Continuing through November 30, 2016
Ross Bleckner introduced a melancholy note into the otherwise carnivalesque art of the 1980s with large, elegiac oil paintings about emotional loss and the irretrievable past. They derived their energy from the AIDS pandemic of the time without being overly specific about it. Bleckner, an AIDS activist and philanthropist (and a United Nations Goodwilll Ambassador who has also worked on the problem of African child-trafficking), made a convincing case for sympathy and empathy with these generally dark, semi-abstract depictions of flowers, candelabras, domes, cupolas and starry skies. His nocturnes brought nineteenth-century sentiment — the Victorians faced death instead of ignoring it — into our age of alienation and instant gratification. Anselm Kiefer’s meditations on history serve a similar purpose of putting art, history and human destiny into perspective. These are religious paintings for a secular age.
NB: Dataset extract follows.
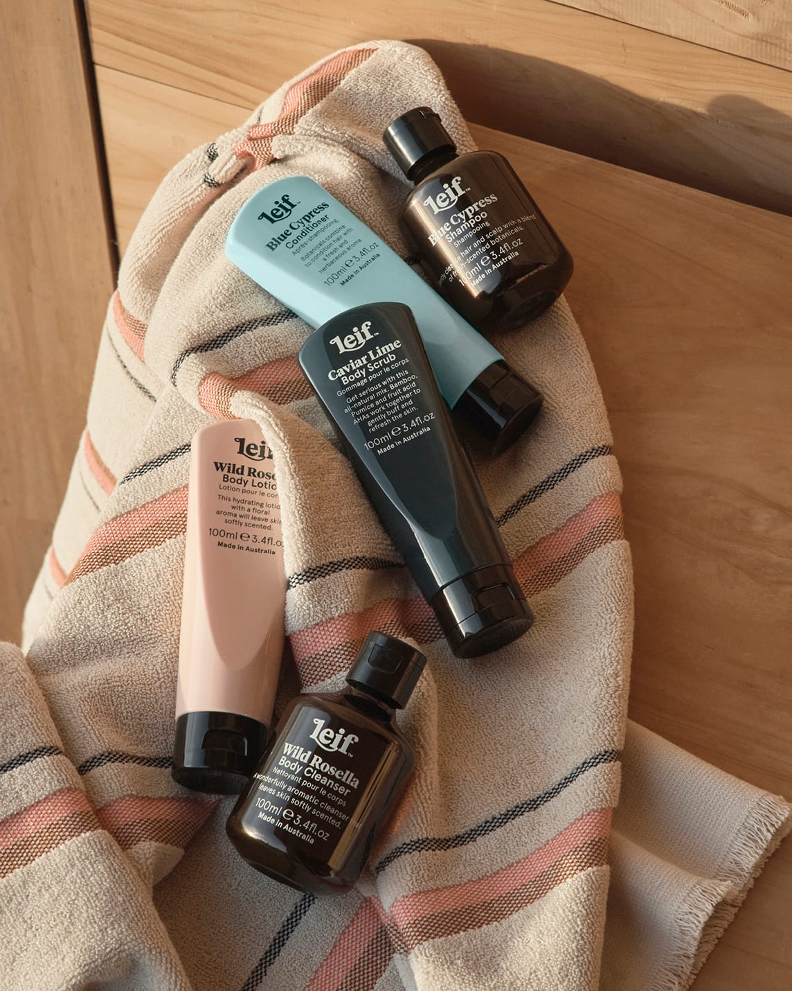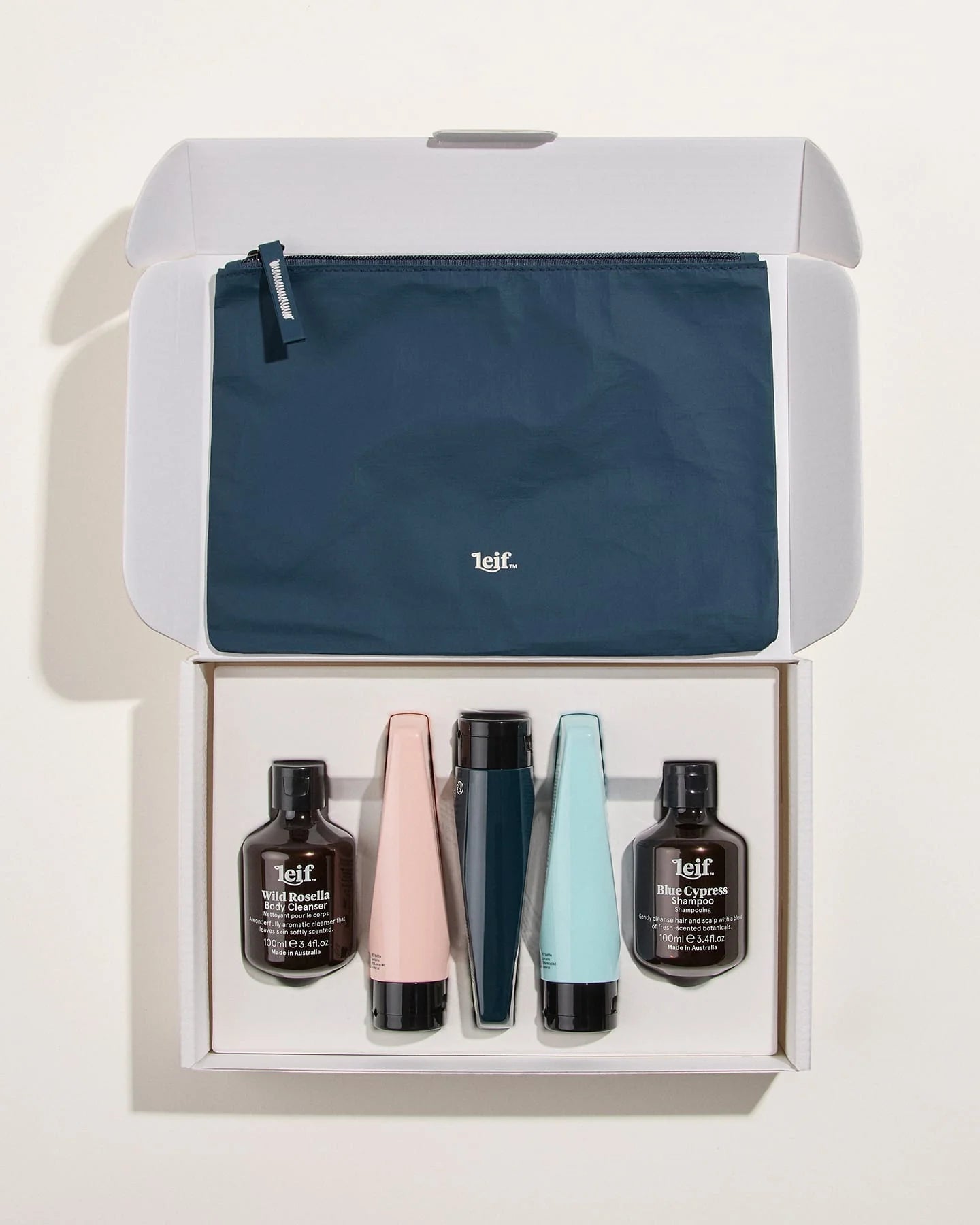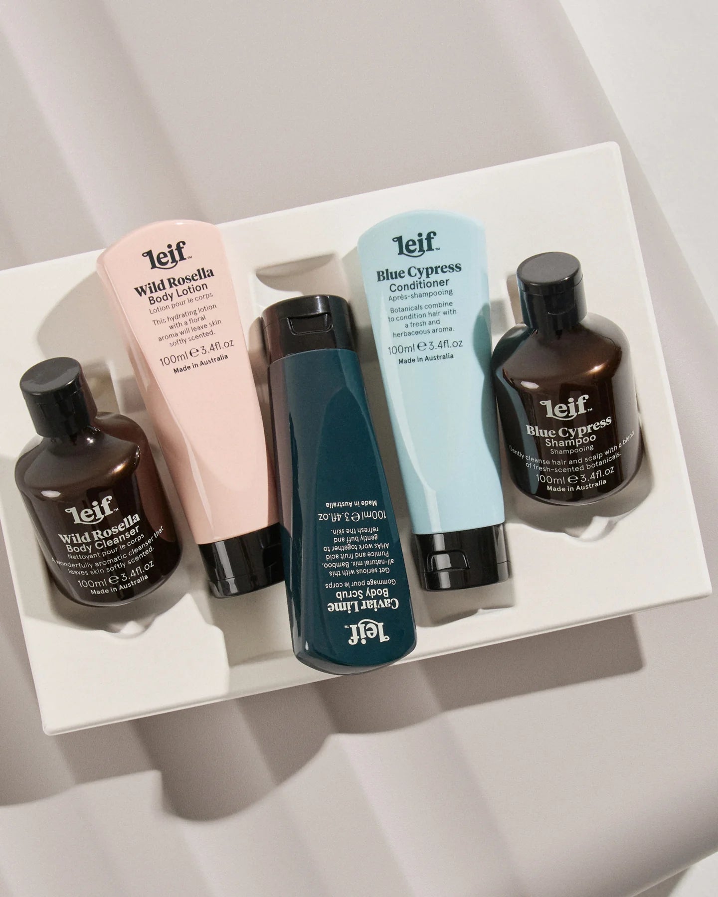 Five mini products for hair and body to explore — big enough for an extended stay, small enough to carry-on. Wild Rosella Body Cleanser & Lotion, Caviar Lime Body Scrub and Blue Cypress Shampoo & Conditioner come complete with a water-resistant bag to keep it all together.

Bleckner is such a consummate painter, however, that subject matter or subtexts that might seem off-putting to many attain in his hands a sober beauty. These floral-motif screenprints of the 1990s depict blossoms, minus stems and leaves, that appear to be floating on water, like Monet’s water lilies. Simplified into rough-edged overlapping ellipses of one color, and sometimes rendered in linear form, as in Chinese painting, the blooms hover tremulously, suspended in an abstract (i.e., non-perspectival) painterly mindspace. There’s a hint of the memento mori moralizing that lent meaning (and not just visual delight) to the precise Dutch flower paintings of the 17th-century. But instead of real, transient flowers described in microscopic detail, Bleckner depicts blooming (or conscious life) mystically and spiritually, as an infinite process.